The success of streaming video has generated interest in newer forms of multi-perspective video content, such as those generated by 360-degree cameras, multi-angle camera arrays, or (iii) light-field cameras. The immersive experience provided by these cameras can enhance user satisfaction for broadcast performances (e.g., theater, concerts) and events (e.g., graduation ceremonies), as well as online meetings. With content from these cameras, users do not just passively consume content, but may interactively traverse the content along many different paths from a perspective of their choice, with different users observing different perspectives of the same content. To support this at Internet-scale is challenging; client players must be able to download and content distribution networks (CDNs) must be able to generate perspectives on demand, while ensuring low latency, and must support a variety of devices for capture and consumption of this content.

This project explores architectural enhancements, algorithms, and techniques to deliver multi-perspective video at Internet-scale. It couples delivery optimization  with video coding and human computer interaction.

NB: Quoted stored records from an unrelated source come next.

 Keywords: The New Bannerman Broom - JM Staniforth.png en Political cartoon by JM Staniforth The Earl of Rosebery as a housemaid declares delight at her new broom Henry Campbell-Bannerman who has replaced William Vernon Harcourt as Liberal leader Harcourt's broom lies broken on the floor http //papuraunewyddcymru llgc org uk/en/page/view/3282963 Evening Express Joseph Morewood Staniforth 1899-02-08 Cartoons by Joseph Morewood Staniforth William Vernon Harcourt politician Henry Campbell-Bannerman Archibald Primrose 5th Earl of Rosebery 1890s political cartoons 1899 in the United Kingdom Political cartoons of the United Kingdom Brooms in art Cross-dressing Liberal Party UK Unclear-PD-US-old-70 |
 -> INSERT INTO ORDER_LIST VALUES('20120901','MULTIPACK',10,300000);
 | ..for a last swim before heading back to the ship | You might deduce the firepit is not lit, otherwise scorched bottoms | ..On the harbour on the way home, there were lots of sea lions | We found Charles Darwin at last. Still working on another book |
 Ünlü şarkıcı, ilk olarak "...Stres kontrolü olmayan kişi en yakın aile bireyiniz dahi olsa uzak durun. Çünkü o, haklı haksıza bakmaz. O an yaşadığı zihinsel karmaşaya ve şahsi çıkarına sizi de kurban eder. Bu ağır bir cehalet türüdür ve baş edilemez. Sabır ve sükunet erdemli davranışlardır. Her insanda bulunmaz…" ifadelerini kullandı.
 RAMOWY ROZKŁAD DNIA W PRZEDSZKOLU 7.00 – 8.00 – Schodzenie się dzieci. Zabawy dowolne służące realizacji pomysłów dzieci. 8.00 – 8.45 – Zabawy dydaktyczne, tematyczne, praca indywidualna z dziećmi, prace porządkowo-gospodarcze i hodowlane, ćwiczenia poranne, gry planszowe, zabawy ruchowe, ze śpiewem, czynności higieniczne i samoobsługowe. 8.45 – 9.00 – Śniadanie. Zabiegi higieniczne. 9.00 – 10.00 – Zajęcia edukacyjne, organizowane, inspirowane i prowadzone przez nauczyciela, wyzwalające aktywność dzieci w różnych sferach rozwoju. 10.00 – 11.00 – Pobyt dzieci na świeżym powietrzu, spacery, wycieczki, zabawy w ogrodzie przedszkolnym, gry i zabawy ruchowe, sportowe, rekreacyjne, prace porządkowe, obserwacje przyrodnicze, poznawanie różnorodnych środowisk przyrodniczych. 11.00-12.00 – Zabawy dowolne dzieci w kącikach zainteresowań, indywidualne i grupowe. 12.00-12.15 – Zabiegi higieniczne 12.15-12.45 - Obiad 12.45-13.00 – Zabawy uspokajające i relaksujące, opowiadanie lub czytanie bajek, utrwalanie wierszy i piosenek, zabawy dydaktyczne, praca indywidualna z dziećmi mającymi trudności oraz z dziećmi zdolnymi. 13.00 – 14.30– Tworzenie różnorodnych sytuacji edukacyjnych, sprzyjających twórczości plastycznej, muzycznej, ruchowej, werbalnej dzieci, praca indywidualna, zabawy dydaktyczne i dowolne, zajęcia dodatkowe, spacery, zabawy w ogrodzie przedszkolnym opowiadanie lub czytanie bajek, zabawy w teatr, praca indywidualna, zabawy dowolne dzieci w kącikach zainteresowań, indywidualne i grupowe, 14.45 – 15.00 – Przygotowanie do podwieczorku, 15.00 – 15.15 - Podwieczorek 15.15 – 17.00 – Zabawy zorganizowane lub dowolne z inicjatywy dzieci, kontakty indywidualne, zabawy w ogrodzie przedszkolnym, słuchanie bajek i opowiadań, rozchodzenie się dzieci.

At its core, the project will develop interactivity abstractions by which content publishers can specify the range of perspectives users are permitted to choose from at each point in the video. The interactivity specified in a video will drive perspective coding and novel dynamic perspective generation algorithms. It will also enable infrastructure provisioning to meet CDN storage and cost constraints, and will guide adaptive perspective retrieval from CDN servers or from nearby caches. Finally, the project will explore methods to predict and guide user behavior to improve delivery quality based on user studies.